Returns <- dailyReturn(AAPL)
get.patterns <- function(ret,n) {
f <- function(x) { # identifies which row of `patterns` matches sign(x)
which(apply(patterns,1,function(row)all(row==sign(x))))
}
returns <- na.omit(ret)
patterns <- expand.grid(rep(list(c(-1,1)),n))
labels <- apply(patterns,1,function(row) paste0("(",paste(row,collapse=","),")"))
result <- rollapply(returns,width=n,f,align="left")

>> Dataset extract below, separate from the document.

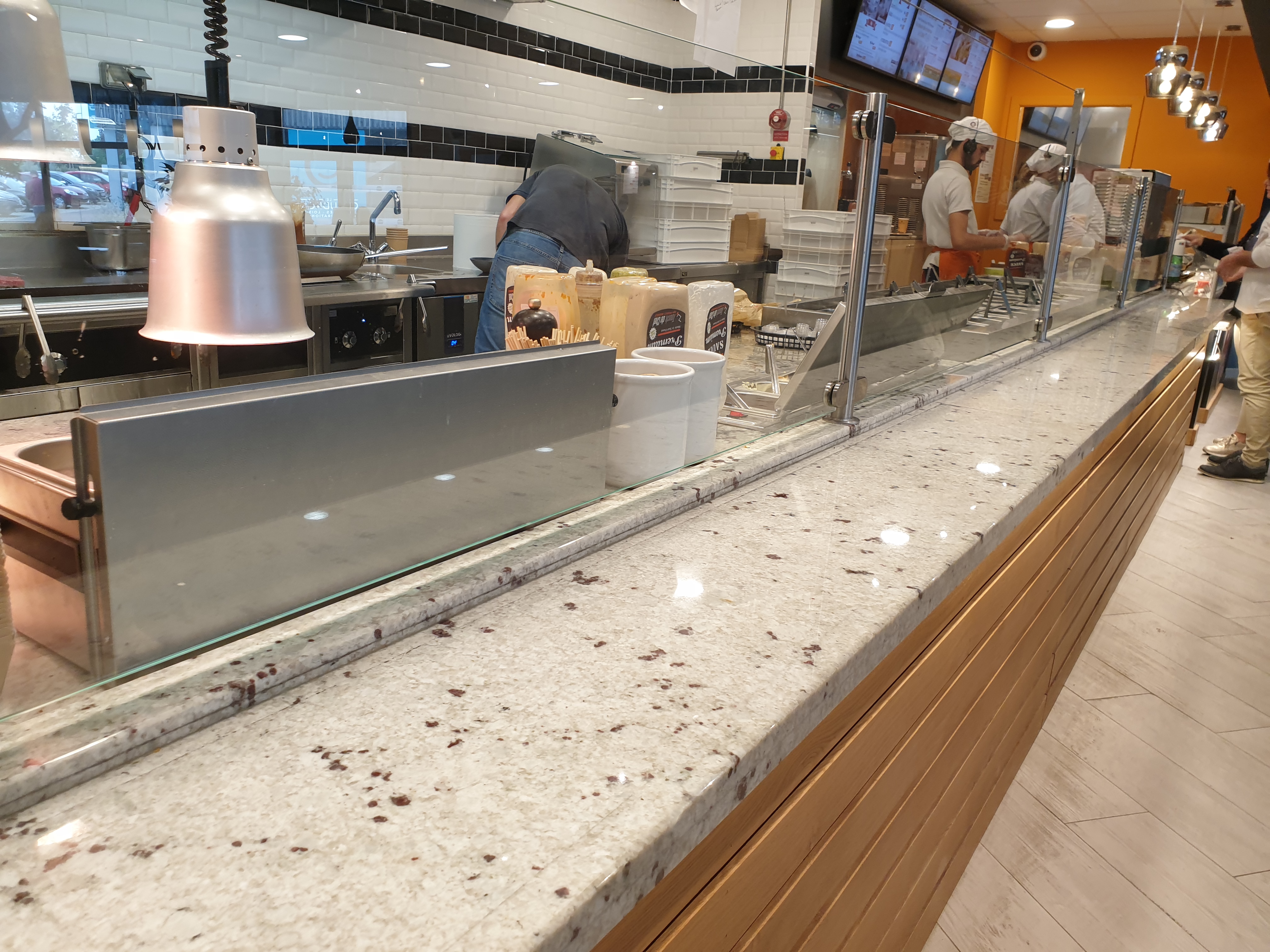 Personnel incompétent ! Ils ne connaissaient absolument pas leur burgers. Pas de saumon, pas de maigret de canard pas de poivrons, en faite tous ce qui peux changer d’un fast food traditionnelle ils en ont plus. L’impression de déranger. On ne reviendra pas.

data.frame(100*table(labels[result])/(length(returns)-(n-1)))
}
get.patterns(Returns,n=2)
# Var1 Freq
# 1 (-1,-1) 22.67303
# 2 (-1,1) 26.49165
# 3 (1,-1) 26.73031
# 4 (1,1) 23.15036
get.patterns(Returns,n=3)
# Var1 Freq
# 1 (-1,-1,-1) 9.090909
# 2 (-1,-1,1) 13.397129
# 3 (-1,1,-1) 14.593301
# 4 (-1,1,1) 11.722488
# 5 (1,-1,-1) 13.636364
# 6 (1,-1,1) 13.157895
# 7 (1,1,-1) 12.200957
# 8 (1,1,1) 10.765550
The basic idea is to create a patterns matrix with 2^n rows and n columns, where each row represents one of the possible patterns (e,g, (1,1), (-1,1), etc.). Then pass the daily returns to this function n-wise using rollapply(...) and identify which row in patterns matches sign(x) exactly. Then use this vector of row numbers an an index into labels, which contains a character representation of the patterns, then use table(...) as you did.

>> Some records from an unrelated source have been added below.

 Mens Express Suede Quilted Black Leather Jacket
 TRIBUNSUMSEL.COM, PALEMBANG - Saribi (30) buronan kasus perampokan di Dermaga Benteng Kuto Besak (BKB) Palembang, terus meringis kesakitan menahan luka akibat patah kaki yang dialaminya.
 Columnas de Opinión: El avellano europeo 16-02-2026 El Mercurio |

This is general for an n-day pattern, but it ignores situations where any return is exactly zero, so the $Freq columns do not add up to 100. As you can see, this doesn't happen very often.
It's interesting that even during the crash it was (very slightly) more likely to have two up days in succession, than two down days. If you look at plot(Cl(AAPL)) during this period, you can see that it was a pretty wild ride.
This is a little different approach but it may give you what you're looking for and allows you to use any size of n-tuple. The basic approach is to find the signs of the adjacent changes for each sequential set of n returns, convert the n-length sign changes into n-tuples of 1's and 0's where 0 = negative return and 1 = positive return. Then calculate the decimal value of each n-tuple taken as binary number. These numbers will clearly be different for each distinct n-tuple. Using a zoo time series for these calculations provides several useful functions including get.hist.quote() to retrieve stock prices, diff() to calculate returns, and the rollapply() function to use in calculating the n-tuples and their sums.The code below does these calculations, converts the sum of the sign changes back to n-tuples of binary digits and collects the results in a data frame.
library(zoo)
library(tseries)
n <- 3 # set size of n-tuple
#
# get stock prices and compute % returns
#
dtz <- get.hist.quote("AAPL","2014-01-01","2014-10-01", quote="Close")
dtz <- merge(dtz, (diff(dtz, arithmetic=FALSE ) - 1)*100)
names(dtz) <- c("prices","returns")
#
# calculate the sum of the sign changes
#
dtz <- merge(dtz, rollapply( data=(sign(dtz$returns)+1)/2, width=n,
FUN=function(x, y) sum(x*y), y = 2^(0:(n-1)), align="right" ))
dtz <- fortify.zoo(dtz)
names(dtz) <- c("date","prices","returns", "sum_sgn_chg")
#
# convert the sum of the sign changes back to an n-tuple of binary digits
#
for( i in 1:nrow(dtz) )
dtz$sign_chg[i] <- paste(((as.numeric(dtz$sum_sgn_chg[i]) %/%(2^(0:2))) %%2), collapse="")
#
# report first part of result
#
head(dtz, 10)
#
# report count of changes by month and type
#
table(format(dtz$date,"%Y %m"), dtz$sign_chg)
An example of possible output is a table showing the count of changes by type for each month.
000 001 010 011 100 101 110 111 NANANA
2014 01 1 3 3 2 3 2 2 2 3
2014 02 1 2 4 2 2 3 2 3 0
2014 03 2 3 0 4 4 1 4 3 0
2014 04 2 3 2 3 3 2 3 3 0
2014 05 2 2 1 3 1 2 3 7 0
2014 06 3 4 3 2 4 1 1 3 0
2014 07 2 1 2 4 2 5 5 1 0
2014 08 2 2 1 3 1 2 2 8 0
2014 09 0 4 2 3 4 2 4 2 0
2014 10 0 0 1 0 0 0 0 0 0
so this would show that in month 1, January of 2014, there was one set of three days with 000 indicating 3 down returns , 3 days with the 001 change indicating two down return and followed by one positive return and so forth. Most months seem to have a fairly random distribution but May and August show 7 and 8 sets of 3 days of positive returns reflecting the fact that these were strong months for AAPL.